*WORK REQUIRED*.
When you reach the line that contains "ปี 1945 ทหารอเมริกันแบ่งปันอาหารให้กับลูกแพะหลงทาง", begin copying exactly and continue through the last line below. Do not copy pictures.

*PROVIDED DATA*.
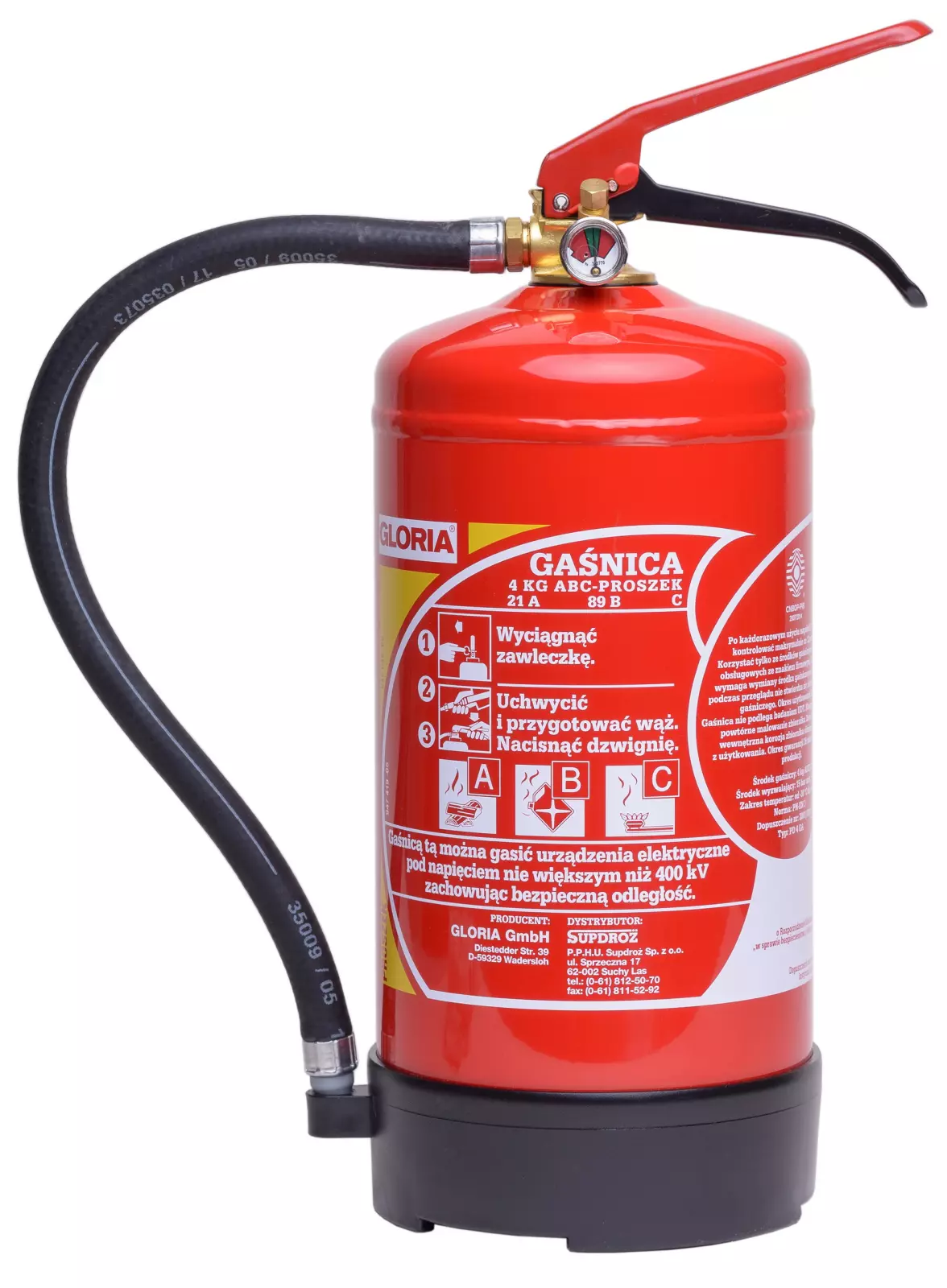- gaśnica przeznaczona do gaszenia pożarów grup ABC
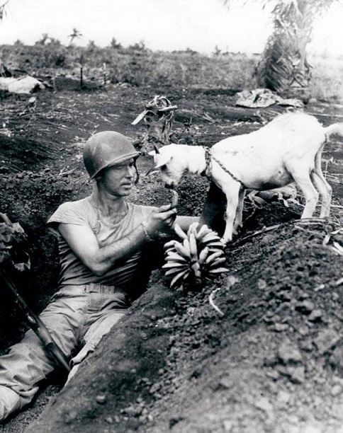 ปี 1945 ทหารอเมริกันแบ่งปันอาหารให้กับลูกแพะหลงทาง
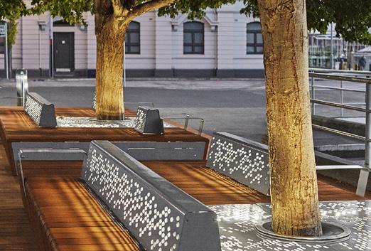 Photo of street furniture on Active fronts page Street+ Garden. (2021). Projects. [Online]. Available at: https://streetandgarden.com/project/hobart-waterfront/. [Last accessed 14 April 2021].

*TASK RESPONSE*.
 ปี 1945 ทหารอเมริกันแบ่งปันอาหารให้กับลูกแพะหลงทาง
 Photo of street furniture on Active fronts page Street+ Garden. (2021). Projects. [Online]. Available at: https://streetandgarden.com/project/hobart-waterfront/. [Last accessed 14 April 2021].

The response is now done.